If he is sentenced to jail, Trump could lose his right to carry a firearm or to vote, but it won’t halt his ability to campaign, be elected president, or even hinder his access to top secret documents.

For a person seeking a top secret security clearance in the FBI, the process typically takes between six to nine months. Applicants must undergo a background check that includes interviews with neighbors and friends, an inquiry for public records in civil and criminal litigation, and a dive into one’s mental health history.

There are nine factors that the U.S. government evaluates a person for during a security clearance investigation: drug involvement, criminal conduct, financial considerations, use of information technology systems, United States allegiance, foreign influence, alcohol consumption, psychological conditions and personal behavior, and handling protected information.

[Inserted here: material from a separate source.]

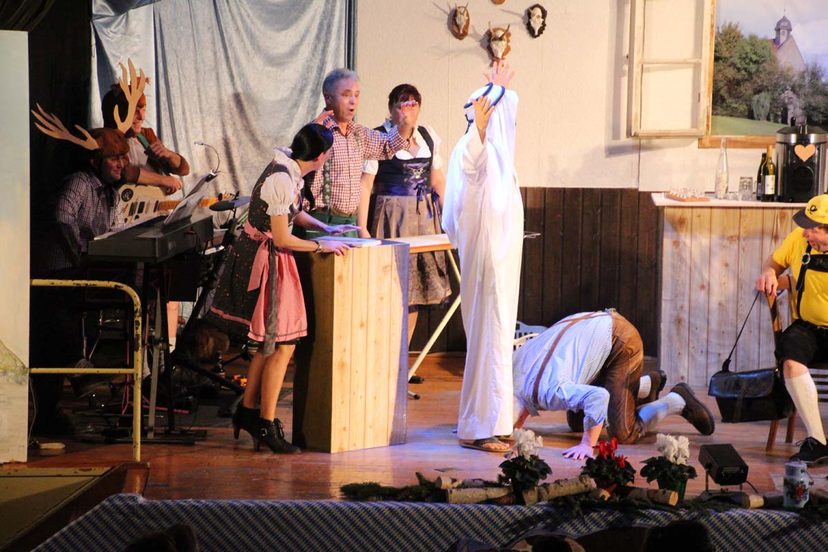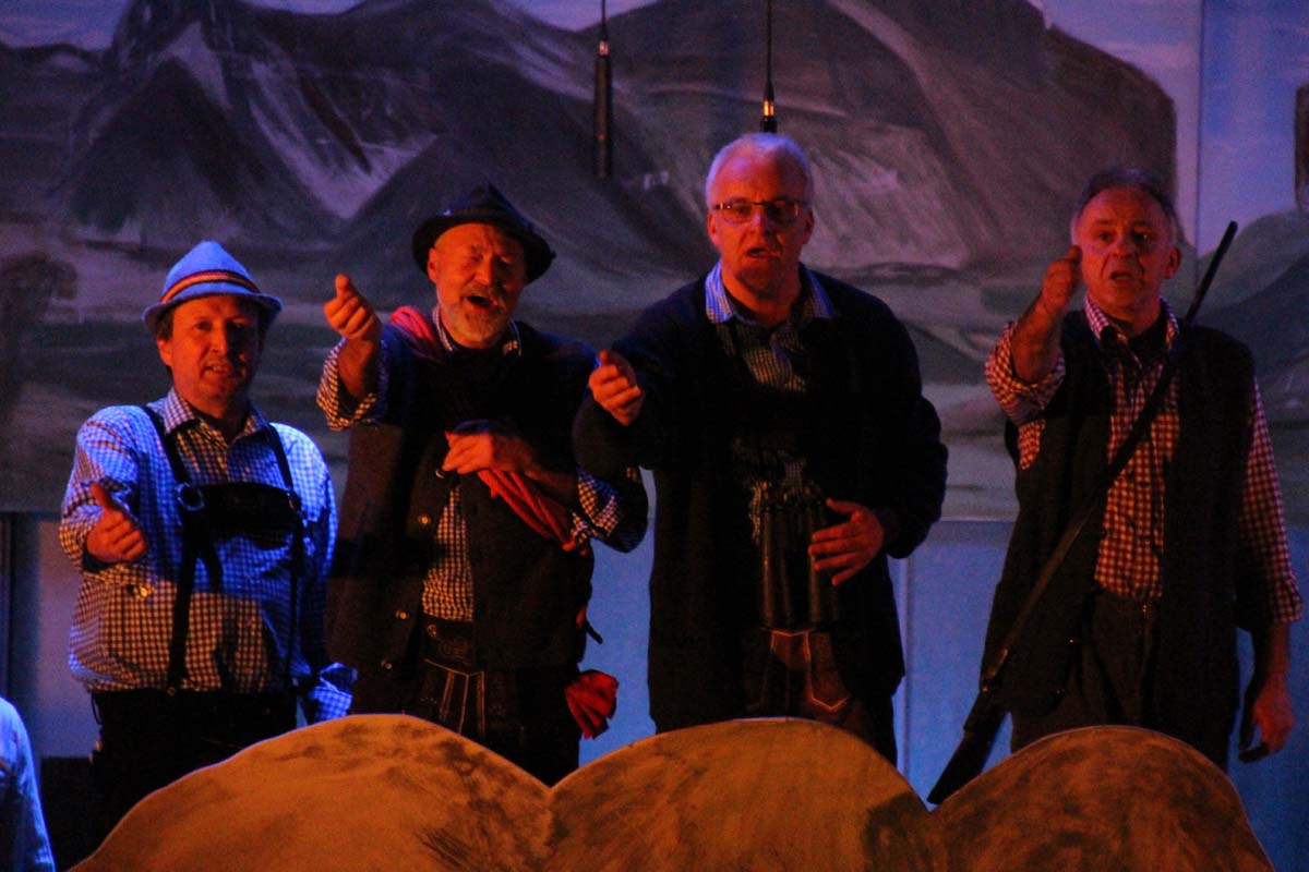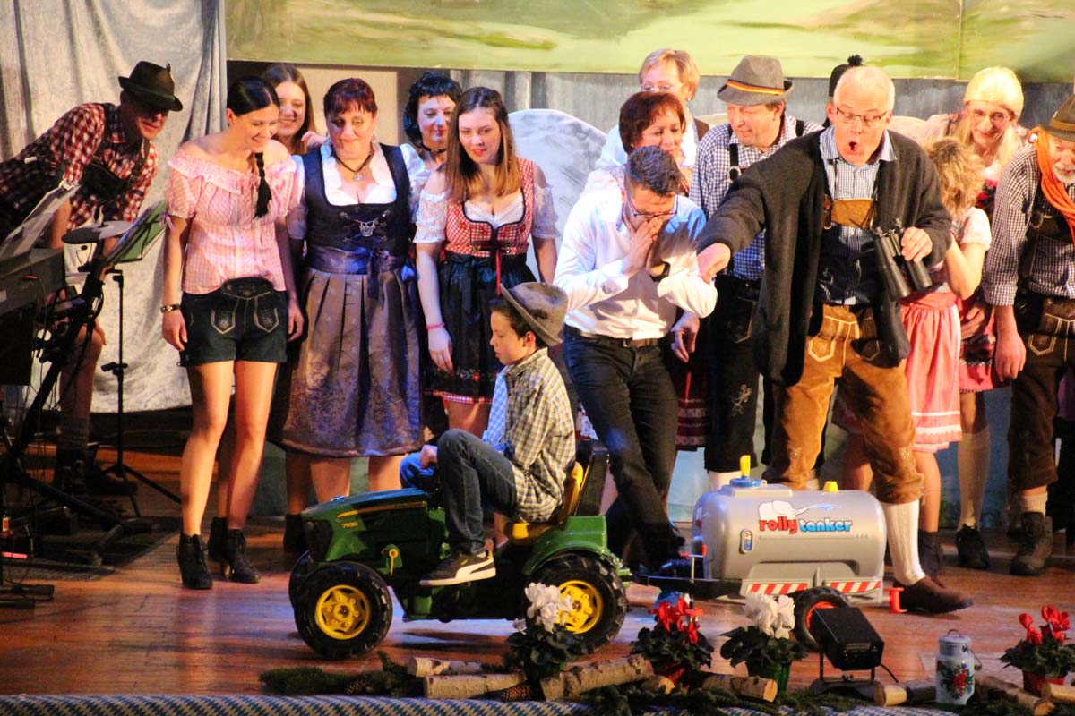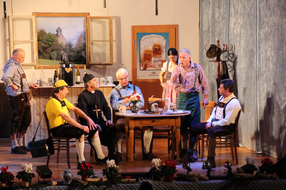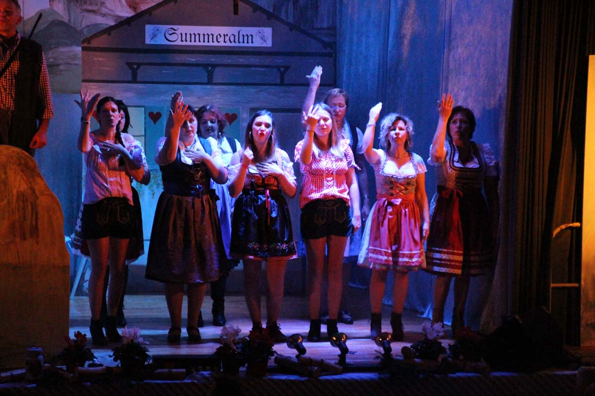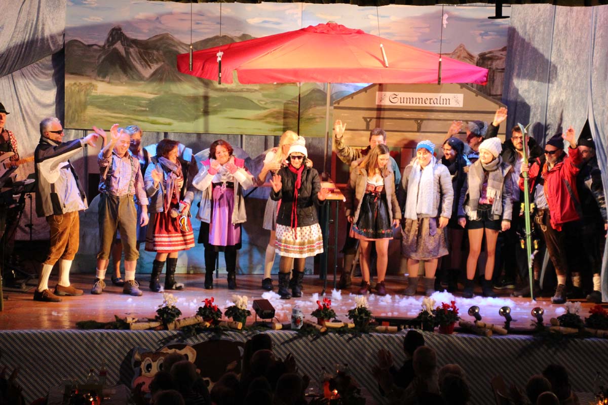 (cr) Der Sängerkranz 1862 Weiler e.V. glänzte mit seiner äusserst unterhaltsamen Musical Darbietung in der Alten Kelter in Weiler. Sein gemischter Basalt Chor war wieder einmal grosse Klasse. „Sie isch widder do!“ ist eine gelungene Mischung aus Mundart Theater und Musical. Nach sechs Jahren ist die Gailtalerin wieder in Weiler und wirbelt so die ganze Dorfgemeinschaft durcheinander. Das ganze wurde gespickt mit vielen bekannten Schlagern. Die Musik kommt natürlich nicht von der Konserve sondern wird live gespielt. Die Rollen waren wieder bestens verteilt und die Gailtalerin ist einfach der Hingucker schlechthin. Auch an einem fantastischen Bühnenbild hatte der Sängerkranz nicht gespart. Die Beleuchtung war nahezu perfekt und effektvoll. Lediglich der Ton hätte etwas besser sein können, aber das lag vielleicht auch an meinem Platz auf der Empore. Yvonne Grosskurth hat sich für diese Aufführung wieder viel einfallen lassen. Sie hat einfach immer ein gutes Händchen für den Sängerkranz 1862 Weiler bei der Inszenierung der Stücke.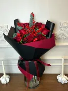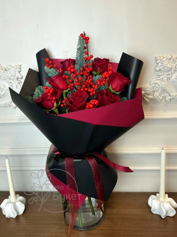 Букет, состоящий из темно-красных роз, дополненный веточками нобилиса и ягодами илекса, элегантно упакован в черную и бордовую бумагу с атласной лентой. Розы в сочетании с яркими ягодами и свежей хвоей создают эффектный и запоминающийся образ.

A history of a criminal record is not automatically a disqualifier for a person applying for a security clearance unless the crime involved alcohol, drugs, firearms, explosives, or sexual conduct, according to Washington, D.C., law firm S.L. England.

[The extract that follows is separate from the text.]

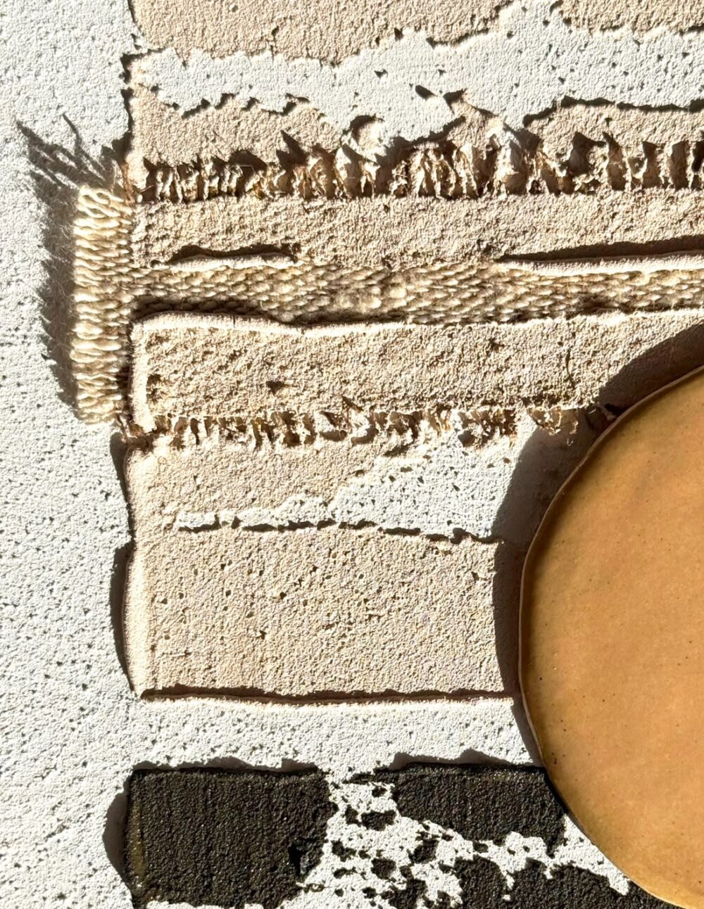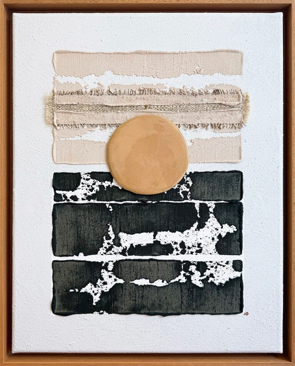 Peinture à la chaux et acrylique, soie sauvage, pièce de céramique unique, eau de mer & sable de Madagascar sur chassis entoilé.

However, when a person is elected president, there are no hoops to jump through to gain access to classified information, and even when a president leaves office there is no debriefing conducted on their access to what top secret documents they have.

A normal government employee with a top secret document will have to sign a legal document at the start of their career acknowledging the requirements not to share classified information, not to store it in unauthorized places, and that at the end of their career they do not possess any documents.

However, presidents are not held to that same standard. This is why the charges against Trump in his handling of classified documents are focused on Trump’s failure to comply with a subpoena in May 2022 rather than just the action of Trump taking the classified documents to Mar-a-Lago.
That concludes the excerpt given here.